There are times in the life of a Christian when we experience a lot of “noise” in our spirits. We live in a bustling, busy world. We get distracted. Or we are tempted. Myriad indeed are the lusts of our flesh, the things of earth, and the wiles of the devil - and it seems that we are always surrounded by malicious legions of avarice. There are days when too much of the world seeps into our souls; times when we cannot seem to hear God’s voice in the Scriptures; times when we feel like there is nobody on the other end of our prayers. The only thing we can perceive is discordant static. Noise.
In such times, it can feel like we are trapped in a small room with a blaring television set. Remember the old days before “smart sound,” when the volume of commercials was approximately one hundred times that of the programming? The screen flashes a succession of badly-produced commercials for local car dealers, and the volume has been turned way, way up. The controls on the TV itself won’t work. What’s more, you cannot seem to find the remote control in order to to turn it down.
The thing most needful to be rid of this sort of spiritual noise is perspective. What we need most is to remember that there is a world beyond the four walls of the small room - that our own circumstances and selves are not the center of the universe. Sometimes this is difficult to do. Sometimes we have paced around the perimeter of that room for so long, that we feel sure we have circumnavigated the globe. Sometimes the TV has droned on for such duration that we cannot seem to recall it ever being otherwise. We can lose any memory of peace, and any hope of escape.
But the Scriptures offer a different perspective. The Gospel tells us that it is Jesus, and not ourselves, who is the center of all creation. Moreover, the Gospel tells us that no amount of noise can separate a Christian from Christ’s love. If our trust is in him, then there is absolutely nothing that can take him away from us - or us away from him:
Who shall separate us from the love of Christ? Shall tribulation, or distress, or persecution, or famine, or nakedness, or danger, or sword? As it is written, “For your sake we are being killed all the day long; we are regarded as sheep to be slaughtered.” No, in all these things we are more than conquerors through him who loved us. For I am sure that neither death nor life, nor angels nor rulers, nor things present nor things to come, nor powers, nor height nor depth, nor anything else in all creation, will be able to separate us from the love of God in Christ Jesus our Lord. (Romans 8:35-39, ESV)
This is a powerful comfort to the Christian.

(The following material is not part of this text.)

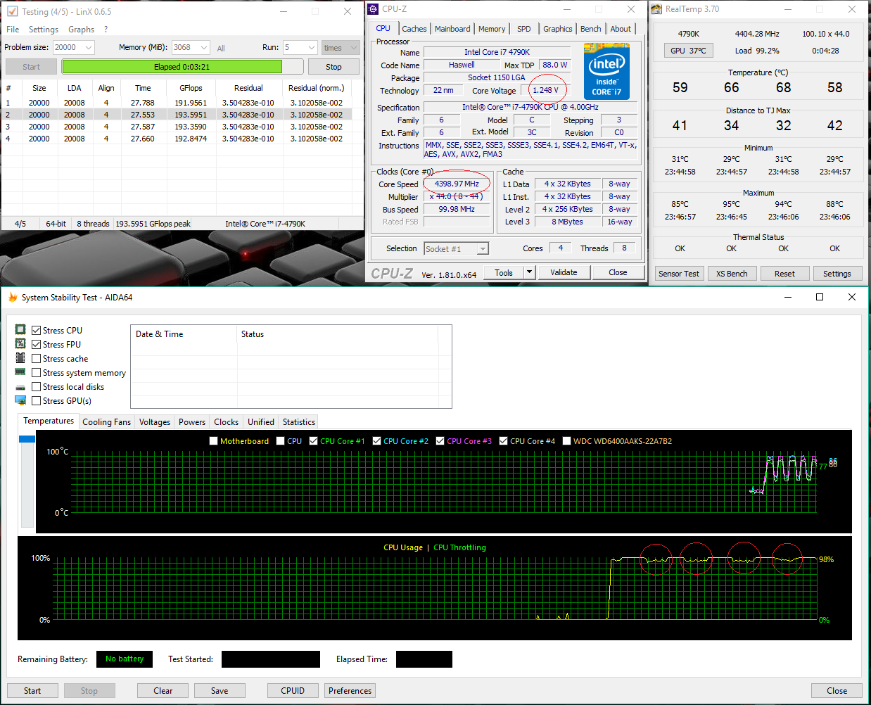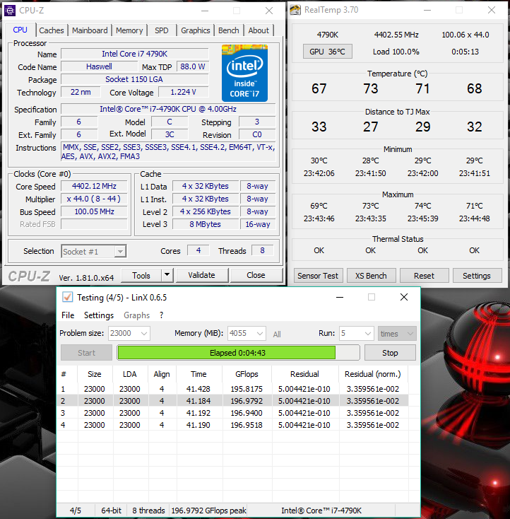 Сделал сегодня скальп, применил настройки разгона 4690К (скрин 1, скрин 2), поднял напряжение до 1.200? кольцевую шину в 40, , применил рекомендации по отключению энергосберегаек, в итоге получилось так:

When my oldest son had his first bad dreams, I taught him this: “If you trust Jesus, you don’t ever have to be scared of anything.” He repeats it back to me now. Now the noise we face as adult believers might be much more involved than a simple bad dream, but the answer is the same: if we trust Christ, we need fear nothing - even in all the noise. Let us learn this simple truth, and like children find comfort therein.
For those whose trust is in Jesus Christ, the four walls fall away. The noisy TV may still be blaring, but no longer does it hold us prisoner in a small room. Rather, both we and the TV are now set on a long beach. The golden sand stretches away in either direction as far as our eyes can see, and all along the shore the surf is washed by waves. Loud, rhythmic waves. Powerful, unceasing waves. As the awareness of our new locale sinks in, the cadence of the water rises in our ears: a constant, deafening, glorious roar before which the insistent cacophony of the TV seems mute. Christ has more than sufficient power to silence all noise - with grace upon grace.
So how do we mute the TV when we’ve lost the remote? What do we do when our spirits are soiled by the incessant noise of world, flesh, and devil? We stand by faith in the cleansing surf of Christ’s power, and we listen. We listen for the sound of the Savior’s waves.